The HIV medicines lopinavir and ritonavir, which are sold by AbbVie Inc. as the product Kaletra, was used on three patients in conjunction with the anti-flu medication oseltamivir, sold by Roche Holding AG and Chugai Pharmaceutical Co. as Tamiflu, Somkiat Lalitwongsa, director of the Rajavithi Hospital in Bangkok told reporters Monday.
Kaletra is already being studied in a randomized, controlled trial — the gold standard for testing new medical products — in novel coronavirus patients in Wuhan, China. The decision by Thai doctors to give the flu drug was based on research that indicated it helped some patients afflicted with the more-deadly coronavirus that causes Middle East respiratory syndrome. A study by researchers in France recommended it be used in these so-called MERS patients, but discontinued if tests show they don’t have the flu.
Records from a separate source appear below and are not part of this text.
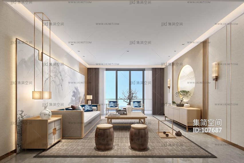 新中式客厅 3d模型下载 [模型ID:107687]
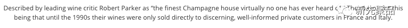 他说:“the finest Champagne house virtually no one has ever heard of”(几乎没人听过的最顶级精致的香槟酒庄)
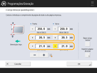 Se a posição da imagem variar bastante, a precisão da correção pode ser melhorada imprimindo várias páginas de teste e aplicando uma média do comprimento medido. |
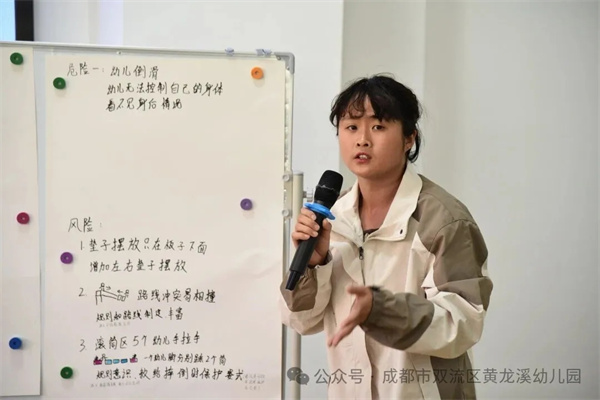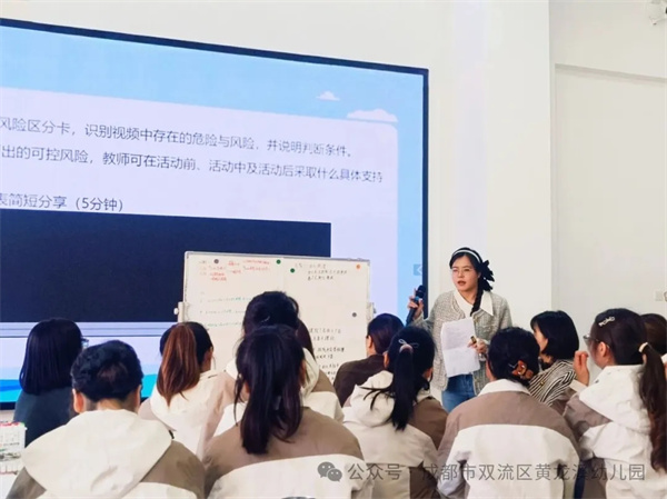 随后,双流区机关幼儿园党政办副主任杨丹带领幼儿园教师围绕“安全与成长,如何平衡?”这一核心议题展开了热烈的小组辩论。这一过程,让理念之争落到了可操作的判断框架中。大家逐渐达成共识:真正的平衡,不是二选一,而是在筑牢安全底线的基础上,科学识别、渐进支持,让孩子在可承受的挑战中获得发展。
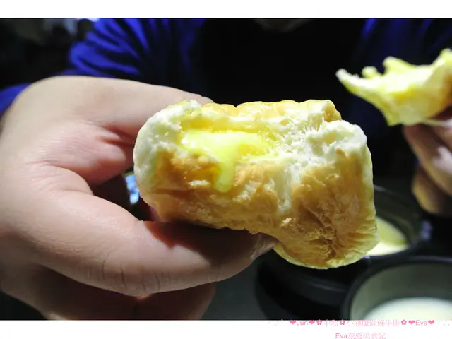 大家看,這個黃澄澄的奶油要流下來了,讓人口水也跟著流了((喂,接一下自己的口水,不要把別人位子用髒了~

“There’s not enough evidence to support the effectiveness just yet,” Somkiat said. “But we report to contribute to the medical community globally. The results look good so far.”
Obviously there are some pretty serious caveats. Thailand has a substantial HIV rate of 1.3%, so it is possible the HIV drug produced improved outcomes because a disproportionate number of the people showing severe symptoms have AIDS – though the doctors who announced this preliminary result must have been aware of this possibility.
On the other hand, in the midst of a WHO declared global health emergency, any glimmer of hope is worth further investigation.